▶ Data provided
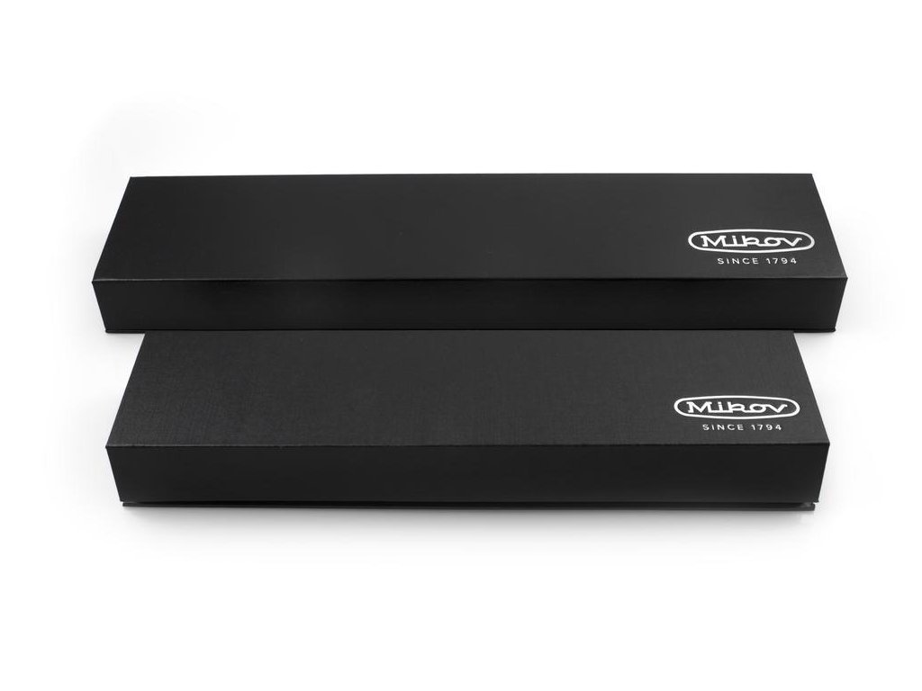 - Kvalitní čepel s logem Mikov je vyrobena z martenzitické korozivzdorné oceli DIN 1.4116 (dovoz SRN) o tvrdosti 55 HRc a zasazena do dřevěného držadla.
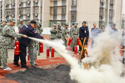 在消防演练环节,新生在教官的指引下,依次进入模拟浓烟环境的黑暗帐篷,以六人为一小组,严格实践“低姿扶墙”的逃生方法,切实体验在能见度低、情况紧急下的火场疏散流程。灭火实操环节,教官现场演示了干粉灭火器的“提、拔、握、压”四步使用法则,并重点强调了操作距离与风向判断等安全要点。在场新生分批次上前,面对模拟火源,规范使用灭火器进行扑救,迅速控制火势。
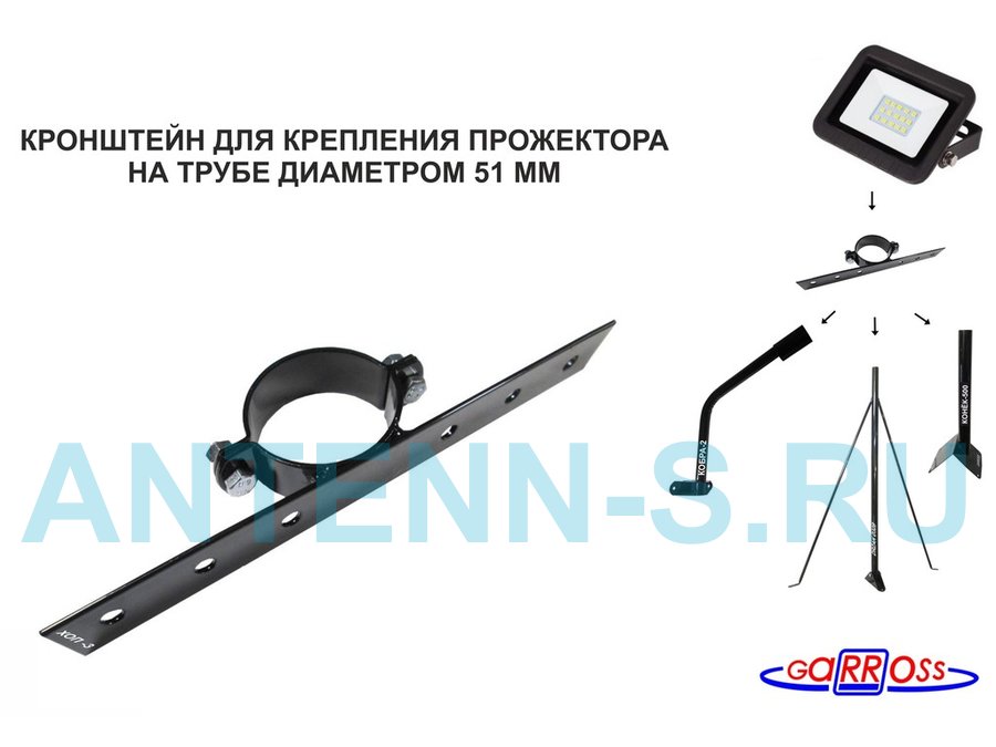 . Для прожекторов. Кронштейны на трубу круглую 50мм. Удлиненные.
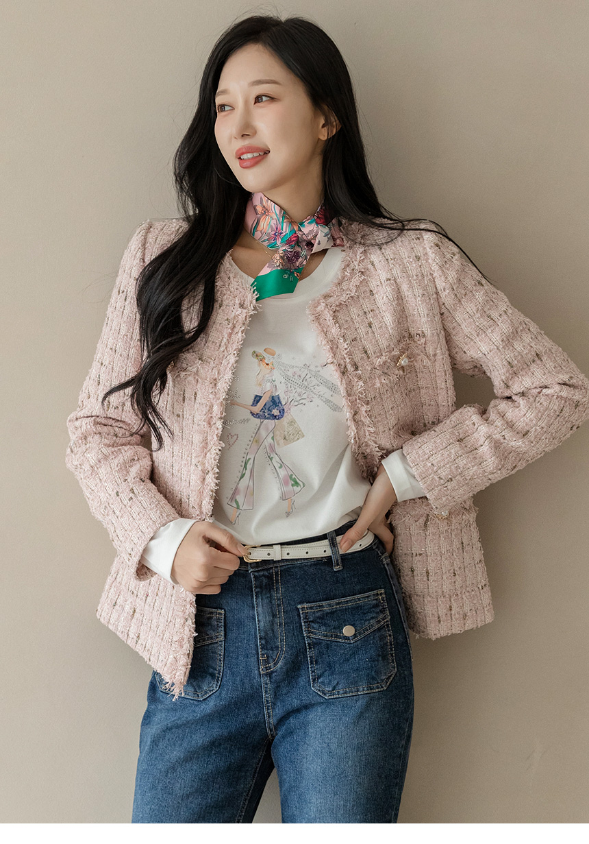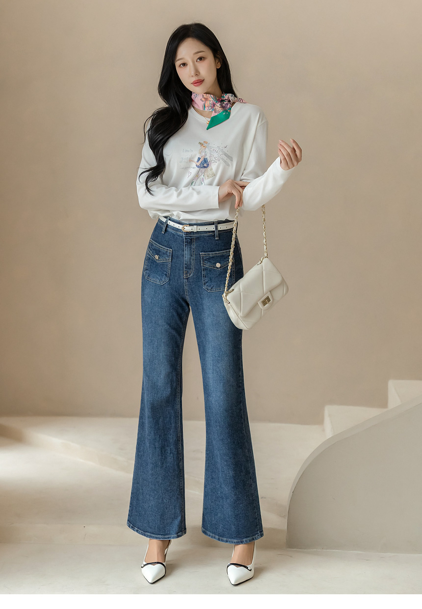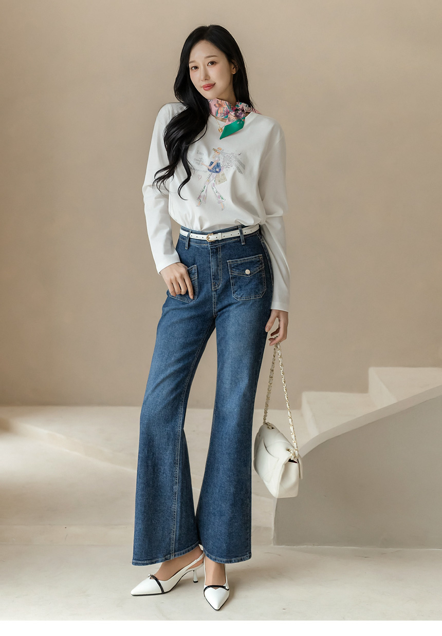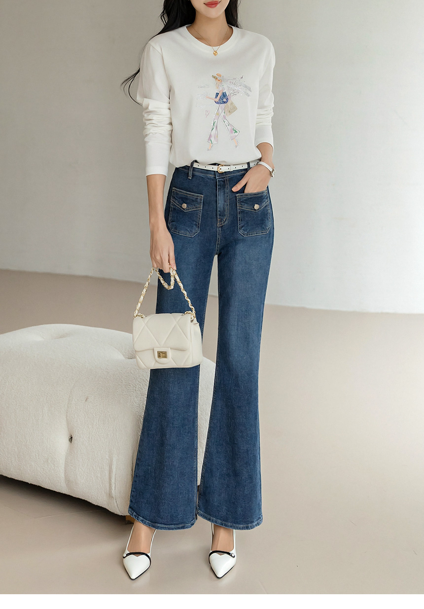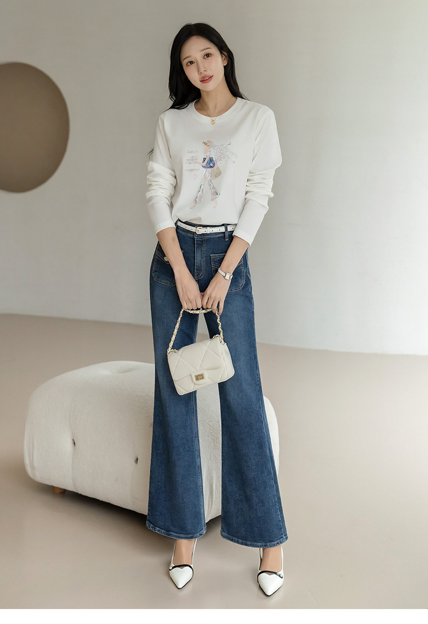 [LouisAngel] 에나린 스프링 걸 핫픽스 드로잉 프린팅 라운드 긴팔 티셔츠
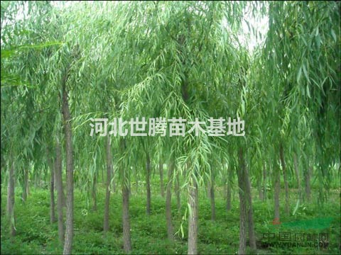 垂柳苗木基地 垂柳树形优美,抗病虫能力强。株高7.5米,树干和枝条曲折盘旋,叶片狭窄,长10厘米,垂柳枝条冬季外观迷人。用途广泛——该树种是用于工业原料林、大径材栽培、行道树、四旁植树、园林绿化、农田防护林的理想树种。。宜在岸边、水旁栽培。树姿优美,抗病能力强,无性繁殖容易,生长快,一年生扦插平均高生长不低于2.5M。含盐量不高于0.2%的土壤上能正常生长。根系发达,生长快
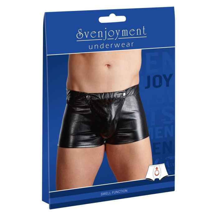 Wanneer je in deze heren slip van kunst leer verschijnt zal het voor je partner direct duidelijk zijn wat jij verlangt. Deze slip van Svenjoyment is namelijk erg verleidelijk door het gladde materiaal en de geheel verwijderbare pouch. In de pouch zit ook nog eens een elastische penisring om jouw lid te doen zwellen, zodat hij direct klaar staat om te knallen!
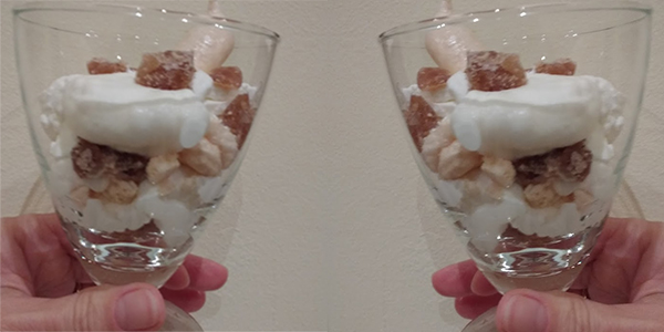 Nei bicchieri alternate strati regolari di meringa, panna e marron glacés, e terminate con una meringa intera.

▶ About this task
Set down every record word for word and leave out the pictures.

▶ Response below
 - Kvalitní čepel s logem Mikov je vyrobena z martenzitické korozivzdorné oceli DIN 1.4116 (dovoz SRN) o tvrdosti 55 HRc a zasazena do dřevěného držadla.
 在消防演练环节,新生在教官的指引下,依次进入模拟浓烟环境的黑暗帐篷,以六人为一小组,严格实践“低姿扶墙”的逃生方法,切实体验在能见度低、情况紧急下的火场疏散流程。灭火实操环节,教官现场演示了干粉灭火器的“提、拔、握、压”四步使用法则,并重点强调了操作距离与风向判断等安全要点。在场新生分批次上前,面对模拟火源,规范使用灭火器进行扑救,迅速控制火势。
 . Для прожекторов. Кронштейны на трубу круглую 50мм. Удлиненные.
 [LouisAngel] 에나린 스프링 걸 핫픽스 드로잉 프린팅 라운드 긴팔 티셔츠
 垂柳苗木基地 垂柳树形优美,抗病虫能力强。株高7.5米,树干和枝条曲折盘旋,叶片狭窄,长10厘米,垂柳枝条冬季外观迷人。用途广泛——该树种是用于工业原料林、大径材栽培、行道树、四旁植树、园林绿化、农田防护林的理想树种。。宜在岸边、水旁栽培。树姿优美,抗病能力强,无性繁殖容易,生长快,一年生扦插平均高生长不低于2.5M。含盐量不高于0.2%的土壤上能正常生长。根系发达,生长快
 Wanneer je in deze heren slip van kunst leer verschijnt zal het voor je partner direct duidelijk zijn wat jij verlangt. Deze slip van Svenjoyment is namelijk erg verleidelijk door het gladde materiaal en de geheel verwijderbare pouch. In de pouch zit ook nog eens een elastische penisring om jouw lid te doen zwellen, zodat hij direct klaar staat om te knallen!
 Nei bicchieri alternate strati regolari di meringa, panna e marron glacés, e terminate con una meringa intera.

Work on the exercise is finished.